Еще на пути к Шише Пангме мне особенно запала в душу безупреч­ная красота деревни Четырех Дра­конов. На обратном пути мы рас­смотрели ее получше. На каменной стене сидит юноша и расчесывает черные волосы, доходящие ему до плеч. В ушах на шнурках небольшие кораллы и бирюза. Одет он в заса­ленную шерстяную рубашку и брюки из овчины. Его смуглая кожа под действием солнца и копоти стала шоколадной. Вот деревянные две­ри в стене открылись, вышел старик с лицом, заросшим белой ще­тиной. «Таши делек», — сказали мы. «Да будет счастье с тобой». Старик улыбнулся и проводил нас в дом. Сначала мы попали в сени, где разгорожены каменной кладкой стойла для скота. В одном стойле то­щий жеребенок, у которого грива и хвост все до волоска перевязаны ленточками. Старая собака не­сколько раз хрипло тявкнула и ото­шла в свой угол. Входим во внут­реннее помещение.

За деревянным ткацким стан­ком сидит пожилая женщина. Она ткет полосатую ткань из шерсти. У нее длинные седые волосы, на шее длинная цепочка из огромных янтарей, кораллов и серебра. На де­ревянном настиле разложены для проветривания ковры и шкуры.

Женщина провела нас в заднюю часть жилища. Здесь нет окон, свет проходит через отверстие для дыма. Под отверстием маленький железный очаг. Никакой вывод­ной трубы. Пол покрыт выделан­ными овчинными шкурами. Часть стены оклеена газетами. У стен деревянные лавки, а на них ковры, одеяла и подушки. Мы сели. Нам подносят чанг в деревянных, от­деланных серебром чашах. Подли­вают чанг из пластиковой канистры грязно-белого цвета.

Из бокового помещения вышла молодая женщина. Все улыбаются. Наш разговор в основном состоит из улыбок. С помощью слов «Шиша Пангма», «Джомолунгма» и всевоз­можных жестов рассказываем о на­шем путешествии. Дружеские кивки. В качестве подарка оставляю им мой карманный нож.

Позже Цао рассказал мне, что эти люди полукочевники, со стадами яков и овец они доходят до самых высокогорных пастбищ у ледников Шиши Пангмы. На летних пастби­щах ставят палатки, но всегда воз­вращаются в свои дома.

На развилке, там, где наша доро­га вливается в трассу Лхаса — Катманду, я спросил Чена, можно ли подъехать к границе. «Мож­но», — сказал он. «Ну, так поедем туда! — воскликнул я, и мы сверну­ли направо. Мы проезжаем перевал и въезжаем в глубокую долину. На­встречу все время идут украшен­ные бамбуком грузовики. Ущелье становится все уже и глубже. Местами скалы поднимаются над дорогой на добрую сотню метров, за ними — еще более высокие гряды, теряющиеся в облаках.

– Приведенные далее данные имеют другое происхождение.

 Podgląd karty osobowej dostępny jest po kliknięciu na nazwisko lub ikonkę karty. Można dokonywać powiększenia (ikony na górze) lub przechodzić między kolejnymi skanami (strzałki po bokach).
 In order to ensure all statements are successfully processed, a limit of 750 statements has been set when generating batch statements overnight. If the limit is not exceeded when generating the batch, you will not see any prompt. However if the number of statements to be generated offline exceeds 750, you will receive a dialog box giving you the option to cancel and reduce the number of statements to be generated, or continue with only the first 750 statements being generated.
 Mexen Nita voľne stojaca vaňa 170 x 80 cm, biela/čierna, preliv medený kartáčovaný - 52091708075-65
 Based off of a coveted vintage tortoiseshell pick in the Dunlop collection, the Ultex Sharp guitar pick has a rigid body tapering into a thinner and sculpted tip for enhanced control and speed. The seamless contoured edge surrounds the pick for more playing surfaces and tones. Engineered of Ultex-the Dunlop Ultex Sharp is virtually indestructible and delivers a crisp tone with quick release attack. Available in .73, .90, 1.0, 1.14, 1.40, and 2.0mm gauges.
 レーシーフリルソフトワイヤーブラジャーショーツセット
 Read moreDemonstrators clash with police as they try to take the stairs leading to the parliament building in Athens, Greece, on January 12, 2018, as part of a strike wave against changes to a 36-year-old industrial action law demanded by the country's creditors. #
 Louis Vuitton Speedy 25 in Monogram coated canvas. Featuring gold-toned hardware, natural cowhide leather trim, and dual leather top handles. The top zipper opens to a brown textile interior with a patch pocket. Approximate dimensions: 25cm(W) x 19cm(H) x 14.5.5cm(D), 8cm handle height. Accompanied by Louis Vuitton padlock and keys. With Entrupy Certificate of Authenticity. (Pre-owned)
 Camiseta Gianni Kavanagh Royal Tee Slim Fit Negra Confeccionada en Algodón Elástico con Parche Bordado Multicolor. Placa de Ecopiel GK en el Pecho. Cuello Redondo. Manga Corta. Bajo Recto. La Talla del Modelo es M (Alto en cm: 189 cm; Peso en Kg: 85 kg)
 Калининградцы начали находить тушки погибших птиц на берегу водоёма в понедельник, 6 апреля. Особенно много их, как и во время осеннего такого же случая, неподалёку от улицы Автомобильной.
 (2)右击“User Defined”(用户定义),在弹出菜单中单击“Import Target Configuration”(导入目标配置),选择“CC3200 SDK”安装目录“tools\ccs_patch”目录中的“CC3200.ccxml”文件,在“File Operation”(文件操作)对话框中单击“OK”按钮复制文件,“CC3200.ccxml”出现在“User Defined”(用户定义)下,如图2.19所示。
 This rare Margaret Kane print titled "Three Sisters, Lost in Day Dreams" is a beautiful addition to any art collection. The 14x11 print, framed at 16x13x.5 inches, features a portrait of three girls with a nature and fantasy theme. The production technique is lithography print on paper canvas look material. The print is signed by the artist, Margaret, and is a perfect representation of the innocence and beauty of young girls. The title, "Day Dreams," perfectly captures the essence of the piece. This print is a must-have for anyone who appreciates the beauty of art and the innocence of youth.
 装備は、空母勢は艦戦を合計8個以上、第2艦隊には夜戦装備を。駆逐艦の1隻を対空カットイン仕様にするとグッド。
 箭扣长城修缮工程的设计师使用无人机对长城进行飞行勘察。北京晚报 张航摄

Начинается субтропический лес. Моросит дождь. Вдоль дороги ги­гантские деревья бамбука и папо­ротника. В их ветвях порхают птицы. Много бабочек великолеп­ной расцветки. Мощно шумят водопады.

Ночуем в Ниларму. На следую­щий день подъезжаем к непаль­ской границе, от которой всего два часа езды до Катманду. Мы в самой середине тропических лесов к югу от Гималайского хребта. Глаза, уже привыкшие к сглаженным перспек­тивам и неярким цветам тибетских плоскогорий, не могут насытиться этой роскошной зеленью. Кожа становится влажной. Слух заполнен шумом водопадов, пением птиц. Я пьянею от этих сочных красок, тяжёлого воздуха. Мы погрузились в совершенно особенный мир и ви­дим теперь Гималаи другими гла­зами.

Ученые считают, что миллионы лет тому назад Тибет находился на дне моря. Гималайские горы возник­ли в результате надвига друг на друга двух материковых платформ, одной со стороны Индии, другой — со стороны Китая. А Тибетское плато оказалось сзади этого под­нятия. Свидетельство этого — ока­менелые раковины, которые можно найти на самых высоких верши­нах. Тибетские озера — это остат­ки древнего моря, вот почему они соленые. Столкновение обеих плат­форм не закончилось, и Гималаи все еще поднимаются. Не исклю­чено, что когда-нибудь Эверест ста­нет девятитысячником.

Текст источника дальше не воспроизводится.